I know you probably won't, but you should give american football a chance. There are really 4 entities in American football playing against each other - each team, and the game clock, and an independent play clock, which is really it's own thing. The game clock acting as a neutral force in the game dramatically dictates the strategy of the game.
People aren't milling about in between plays, and the time spent between plays is important. The time spent between plays is when coaches call in the plays to their players and, much more importantly, when substitutions are made by each team. The offense essentially defines how fast the game moves between plays - if the offense elects a hurry up offense (essentially no down time between plays) the defense has no choice but to go along with it
unless the offense substitutes a player, in which case the defense must be allowed time to substitute a player.
Each offense has a maximum of 30 seconds (25 in the pros, I believe) between plays according to the play clock. If you are, for example, decimating a defense with your current lineup, you would go no huddle hurry up to pummel the defense.
There is a lot of nuance in the ways you milk a clock in football, I find the clock rules makes the game much more exciting. In reality, the clock rules for football mimic speed chess in several ways.
There are numerous ways for each team to affect each clock individually, and sometimes "standing around" in and of itself is a strategy. Milking a clock late, on 4th down, your offense goes to the line and imitates cadence for a full 30 seconds to try and draw the defense offsides, for example. The defense knows either it's a fake, or that they're coming on all cylinders. Either the offense is going to play off the defense trying to time a blitz for maximum efficiency for a, say, a game-winning first down, or they're going to call a time out with 1 second left if the ploy doesn't work.
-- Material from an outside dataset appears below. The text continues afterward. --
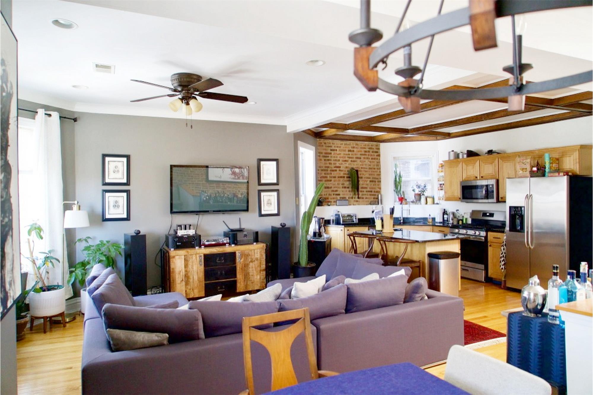 Step inside to a one-of-a-kind, MASSIVE great room featuring exposed brick, a coffered kitchen ceiling, a large skylight, and an expansive living area perfect for relaxing or entertaining while enjoying peaceful treetop views.
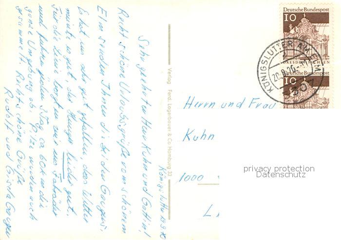 73839740 alte Postkarte Koenigslutter Elm Ortspartien Schwimmbad Kirche Park Fachwerkhaeuser postalisch gelaufen Erhaltung siehe scans [FriedD77] KatCode: 11110003154013

Individual plays affect the clock too. If the game clock is winding down, and you have to march down the field for a win, you'll go to passing plays as incompletions stop the game clock. That sort of stuff. The dual clocks of football, coupled with the ways the offense can affect the clock, pretty much makes it unlike any other sport I've played or witnessed. Even basketball is different because the offense really only has a few ways to affect the clock.